Collins Adomako-Mensah addressing the press conference
The Minority in Parliament has criticised the government’s handling of Ghana’s ongoing power challenges, accusing it of prioritising public relations over substantive solutions as outages continue to disrupt daily life.
The concerns follow the recent fire incident at the Ghana Grid Company Limited substation in Akosombo, which has intensified power cuts in several parts of the country and raised fresh questions about the stability of the national grid.
Addressing a press conference on Tuesday, April 28, 2026, Deputy Ranking Member on Parliament’s Energy Committee, Collins Adomako-Mensah, argued that the government’s response has so far failed to tackle the underlying problems in the energy sector.

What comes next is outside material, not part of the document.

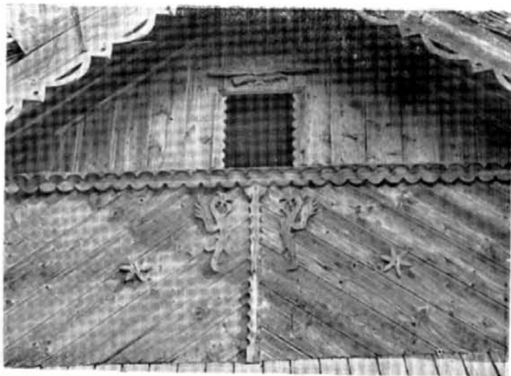
Fig. 3. Detaliu de traforaj, Mahmudia

For many Ghanaians, the situation has translated into disrupted routines, students struggling to study at night, small businesses losing revenue, and households enduring prolonged periods without electricity.
But according to the Minority, recent measures taken by authorities amount to little more than symbolic actions.
“Ghana cannot afford a government that manages crisis through spectacle. Suspending a CEO, reshuffling a regional management team, and calling a press briefing are not an energy policy,” he said.
“They are a choreography of an administration desperate to be seen acting while refusing to confront the true cause of this crisis,” he added.
Adomako-Mensah maintained that the ongoing “dumsor” cannot be attributed to any single individual but reflects deeper structural issues within the power sector.
“The dumsor Ghanaians are experiencing today is not the product of any single CEO. It is the result of an administration that, in our view, has failed to build on a recovery plan previously put in place,” he stated.
He referenced the prior administration under former president Nana Addo Dankwa Akufo-Addo and Mahamudu Bawumia, arguing that the current government has instead relied on what he described as “misdirection” in addressing the crisis.
The Minority insists that without a clear, transparent, and long-term strategy, Ghana risks prolonging the instability in power supply.
They warn that the continued outages are taking a toll on homes, businesses, and key sectors of the economy, underscoring the urgency for decisive and sustainable interventions.